In 2010, the Supreme Court decided in the landmark case Citizens United v. Federal Election Commission to deregulate campaign donations made by corporations and labor unions. This decision allowed these organizations to spend unlimited amounts on issue advertising and contributions to political organizations. Advocates of unregulated campaign spending argue that spending money on campaigns is protected under the Constitution as the right to exercise free speech. Opponents state that politicians are inevitably indebted to these large organizations when they accept donations, potentially leading to corruption and unethical behaviors within the government. Is unlimited spending by large political donors constitutional or does it impede fair and ethical politics?


Understanding Campaign Finance Law

Additional resources to think about

MetroFocus: "Dark Money"
MetroFocus talks to the filmmaker and journalist duo behind the Dark Money documentary about the journey to track down large hidden campaign donors in the political system.

As Secret Money Surges In Elections, The FEC Considers A Small Step For Transparency
This NPR article investigates how after a wave of undisclosed political spending, the Federal Election Commission is starting to develop a transparency rule for political groups that advertise online.

Citizens United Court Case Was A Fight Against Censorship, Bossie Says
NPR discusses the effects of campaign finance law with David Bossie, president and chairman of the conservative advocacy group Citizens United.

Citizens United v. FEC | BRI's Homework Help
This video from the Bill of Rights Institute offers a background on the Citizens United v. FEC decision, the history of the FEC, and campaign finance reform.

High Court Takes Another Stab At Campaign Finance
This article from NPR talks about the 2011 Supreme Court case McComish v. Bennett, which deals with a different kind of campaign finance rule in Arizona.

Influence of Big Money | Brennan Center for Justice
A series of articles and resources from the Brennan Center about the current realities and potentially negative effects of undisclosed large campaign donations.

Stark New Evidence on How Money Shapes America's Elections
This article from the Institute for New Economic Thinking explores the results of a study on political money in Congressional elections.

Former Justice Stevens: Campaign money isn't speech
PBS NewsHour reports on the statements against unregulated campaign donations made by former Supreme Court Justice John Paul Stevens.

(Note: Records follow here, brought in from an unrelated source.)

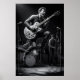A guitarist explodes into motion, playing an electric guitar, with a full band in the background. Dramatic lighting and monochromatic tone capture the intensity of a live show.
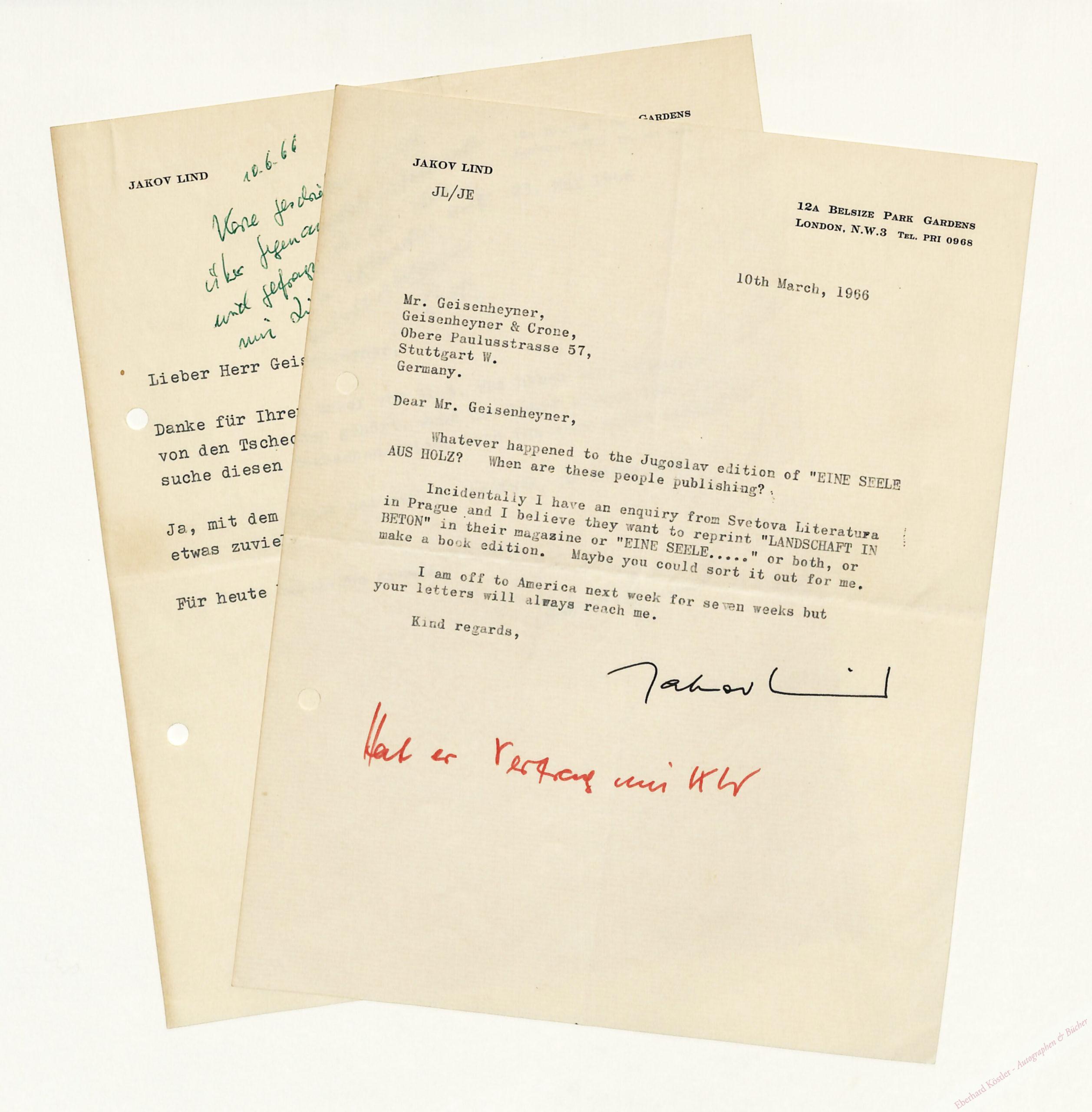 An eine Literaturagentur in Englisch und Deutsch wegen jugoslawischer und tschechischer Ausgaben von „Eine Seele aus Holz“ und „Landschaft in Beton“. – Beantwortungsvermerke des Empfängers. – Linds erste Buchveröffentlichung im deutschsprachigen Raum war 1962 der Erzählungsband „Eine Seele aus Holz“, in dem er Erlebnisse der Emigrationszeit verarbeitet. Darufhin wuder er auch zur Gruppe 47 eingeladen.
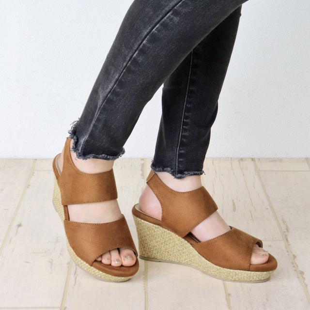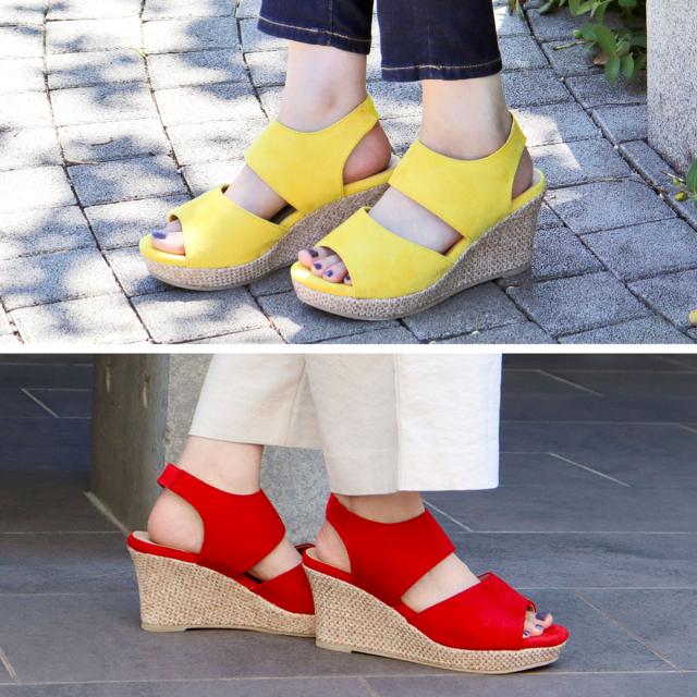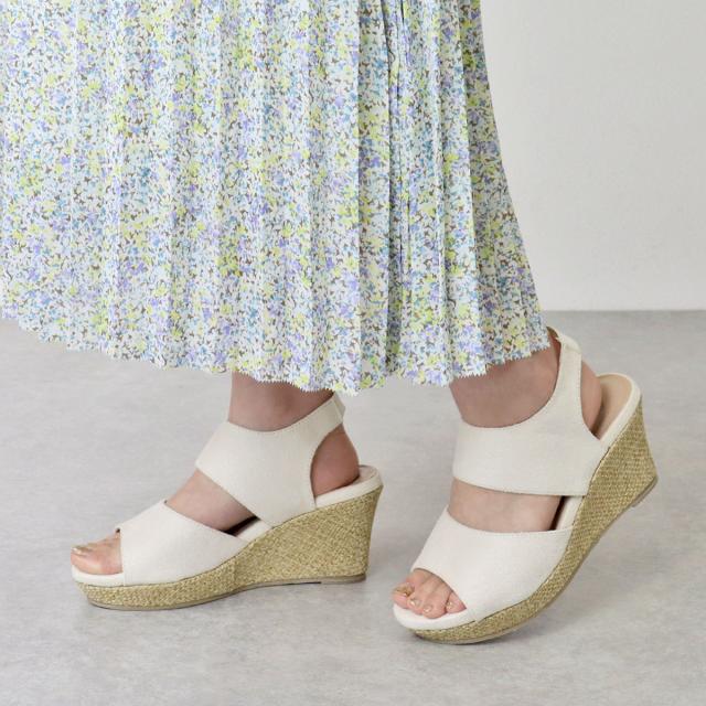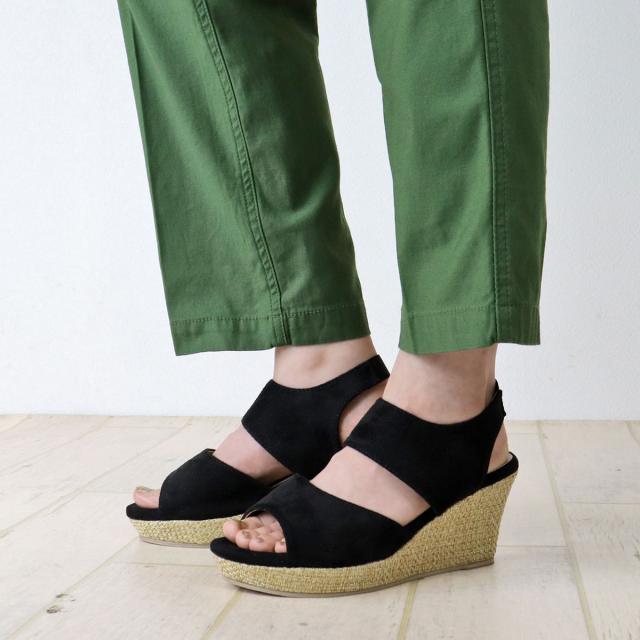 ウェッジソールは安定感があり歩きやすく、約7.5cmのハイヒールは履くだけで脚長効果を発揮!

Money in elections doesn't mean what you think it does
A University of Florida assistant professor of political science presents research that argues that large political campaign donations are essential for our democracy.


Who created this message?

  • What kind of “text” is it?
  • How similar or different is it to others of the same genre?
  • What are the various elements (building blocks) that make up the whole?


What creative techniques are used to attract my attention?

  • What do you notice (about the way the message is constructed)? 
  • What’s the emotional appeal?
  • What makes it seem “real?”
  • What's the emotional appeal? Persuasive devices used?

How might different people understand this message differently from me?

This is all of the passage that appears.